What is expected:
Pictures are to be left out, and only the lines from the one containing "Eleganckie spodnie o" through the last line of the data are to be returned exactly.

Collected material:
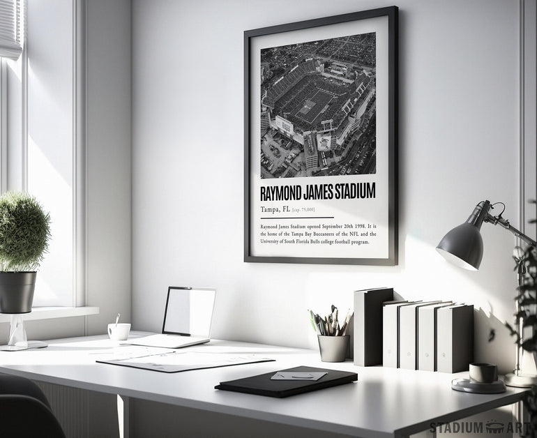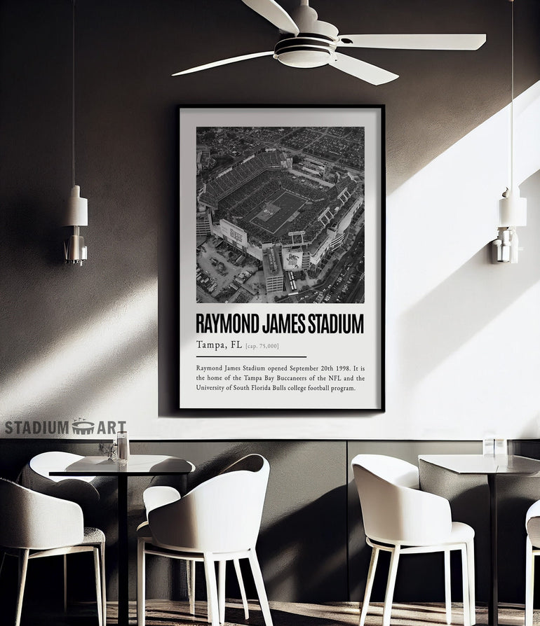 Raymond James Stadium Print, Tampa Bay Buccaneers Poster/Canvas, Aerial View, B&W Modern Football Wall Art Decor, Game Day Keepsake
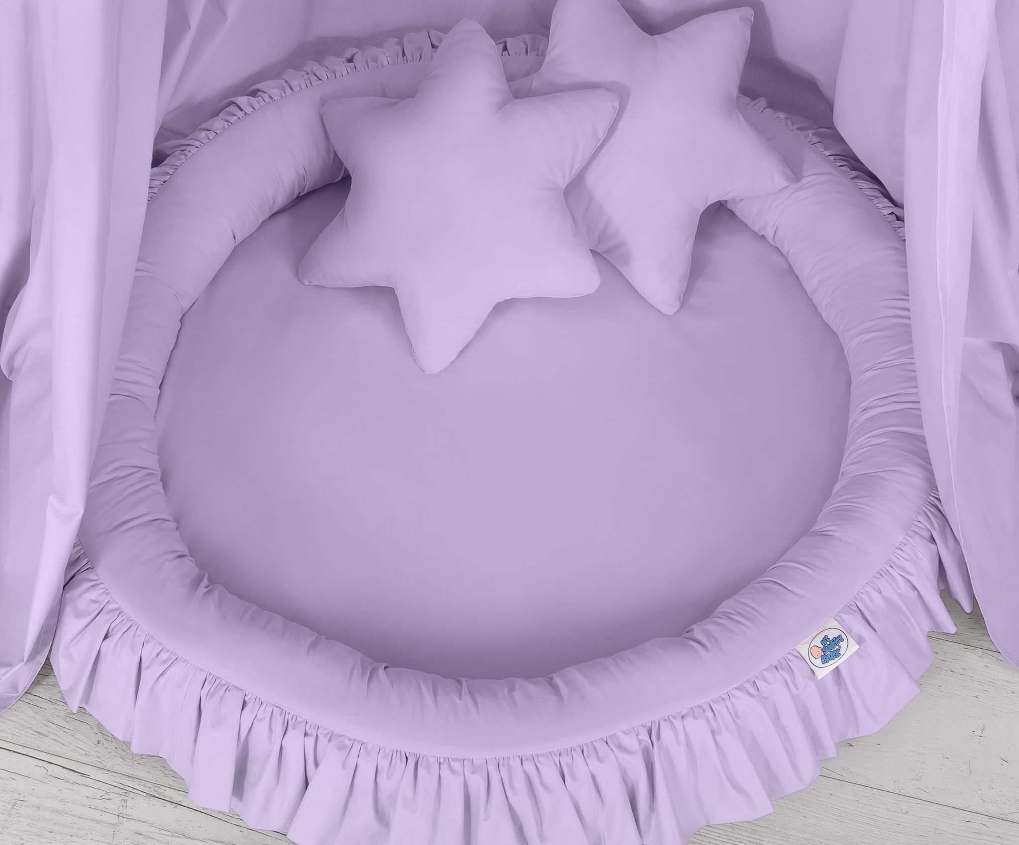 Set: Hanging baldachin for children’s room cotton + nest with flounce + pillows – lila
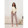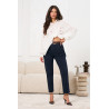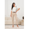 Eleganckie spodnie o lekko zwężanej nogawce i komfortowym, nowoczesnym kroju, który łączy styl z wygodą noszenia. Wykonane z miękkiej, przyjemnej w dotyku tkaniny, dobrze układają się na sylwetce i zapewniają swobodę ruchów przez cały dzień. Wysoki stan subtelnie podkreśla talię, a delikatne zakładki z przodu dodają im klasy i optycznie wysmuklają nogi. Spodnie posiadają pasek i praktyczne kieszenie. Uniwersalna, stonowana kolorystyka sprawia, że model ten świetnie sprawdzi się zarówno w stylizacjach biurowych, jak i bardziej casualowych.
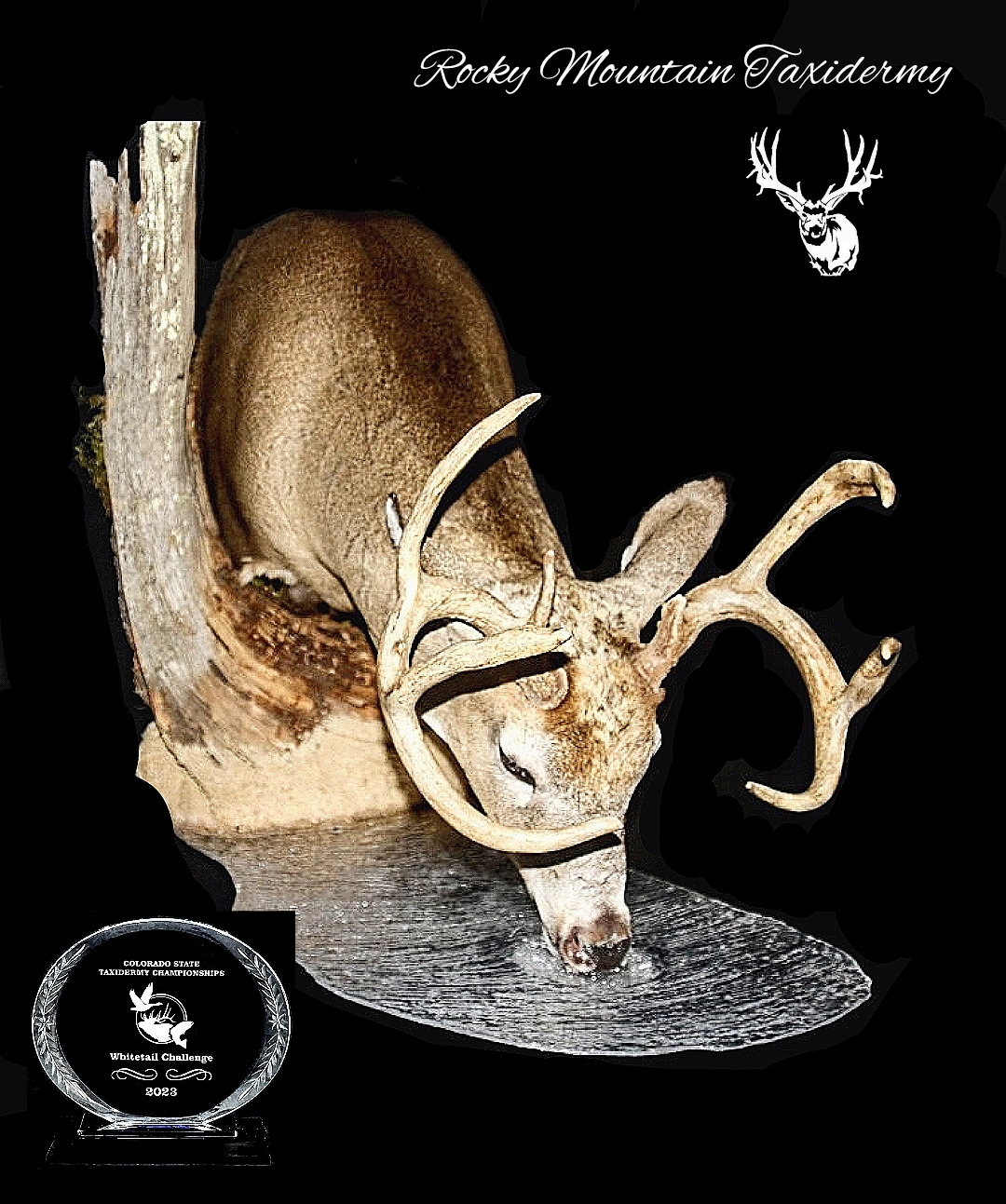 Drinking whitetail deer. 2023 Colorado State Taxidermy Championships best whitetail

Response to the exercise:
 Eleganckie spodnie o lekko zwężanej nogawce i komfortowym, nowoczesnym kroju, który łączy styl z wygodą noszenia. Wykonane z miękkiej, przyjemnej w dotyku tkaniny, dobrze układają się na sylwetce i zapewniają swobodę ruchów przez cały dzień. Wysoki stan subtelnie podkreśla talię, a delikatne zakładki z przodu dodają im klasy i optycznie wysmuklają nogi. Spodnie posiadają pasek i praktyczne kieszenie. Uniwersalna, stonowana kolorystyka sprawia, że model ten świetnie sprawdzi się zarówno w stylizacjach biurowych, jak i bardziej casualowych.
 Drinking whitetail deer. 2023 Colorado State Taxidermy Championships best whitetail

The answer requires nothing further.